1.1 The Problems with Classical Approaches 
The estimation of disparities turns out to be a difficult task, since various random 
and systematic image variations complicate this task. Several different techniques 
have been proposed over time, which can be loosely grouped into feature-, area- 
A Simple and Fast Neural Network Approach to Stereovision 809 
and phase-based approaches. All these algorithms have a number of computational 
problems directly linked to the very assumptions inherent in these approaches. 
In feature-based stereo, intensity data is first converted to a set of features assumed 
to be a more stable image property than the raw image intensities. Matching 
primitives used include zerocrossings, edges and corner points (Frisby, 1991), or 
higher order primitives like topological fingerprints (see for example: Fleck, 1991). 
Generally, the set of feature-classes is discrete, causing the two primary problems 
of feature-based stereo algorithms: the famous "false-matches"-problem and the 
problem of missing disparity estimates. 
False matches are caused by the fact that a single feature in the left image can 
potentially be matched with every feature of the same class in the right image. 

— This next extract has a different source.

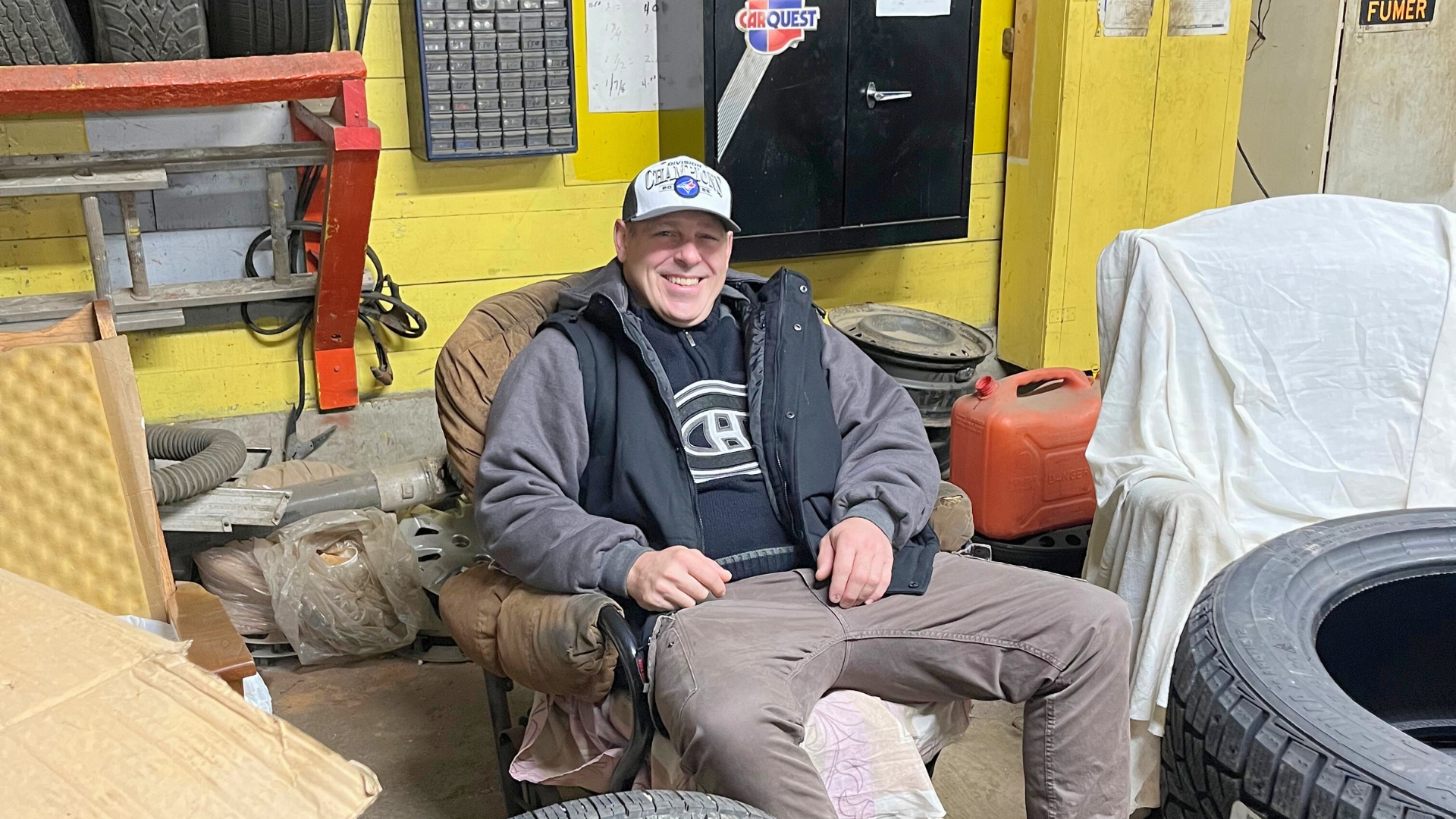 De retour à la maison, j’en profite pour me faire un bon sandwich avec le pain bourratif de la famille de Sébastien. Je me dépêche puisqu’après le dîner, je dois rouler sur deux municipalités pour me rendre à mon changement d’huile chez Jacques, le fidèle garagiste de mon village natal où je me suis toujours senti chez moi. Pendant, je discute avec deux autres clients, bien assis sur ma chaise berçante (oui, oui! ma chaise berçante, une des 4 installées afin de créer une atmosphère qui engendre la jasette), dans ce lieu qui a gardé son cachet d’antan.

This problem is basic to all feature-based stereo algorithms and can only be solved 
by the introduction of additional constraints to the solution. In conjunction with 
the extracted features these constraints define a complicated error measure which 
can be minimized by cooperative processes (Marr, 1979) or by direct (Ohta, 1985) 
or stochastic search techniques (Yuille, 1991). While cooperative processes and 
stochastic search techniques can be realized easily on a neural basis, it is not im- 
mediately clear how to implement the more complicated algorithmic structures of 
direct search techniques neuronally. Cooperative processes and stochastic search 
techniques turn out to be slow, needing many iterations to converge to a local 
minimum of the error measure. 
The requirement of features to be a stable image property causes the second problem 
of feature-based stereo: stable features can only be detected in a fraction of the 
whole image area, leading to missing disparity estimates for most of the image area. 
For those image parts, disparity estimates can only be guessed. 
Dense disparity maps can be obtained with area-based approaches, where a suitable 
chosen correlation measure is maximized between small image patches of the left and 
right view. However, a neuronally plausible implementation of this seems to be not 
readily available. Furthermore, the maximization turns out to be a computationally 
expensive process, since extensive search is required in configuration space. 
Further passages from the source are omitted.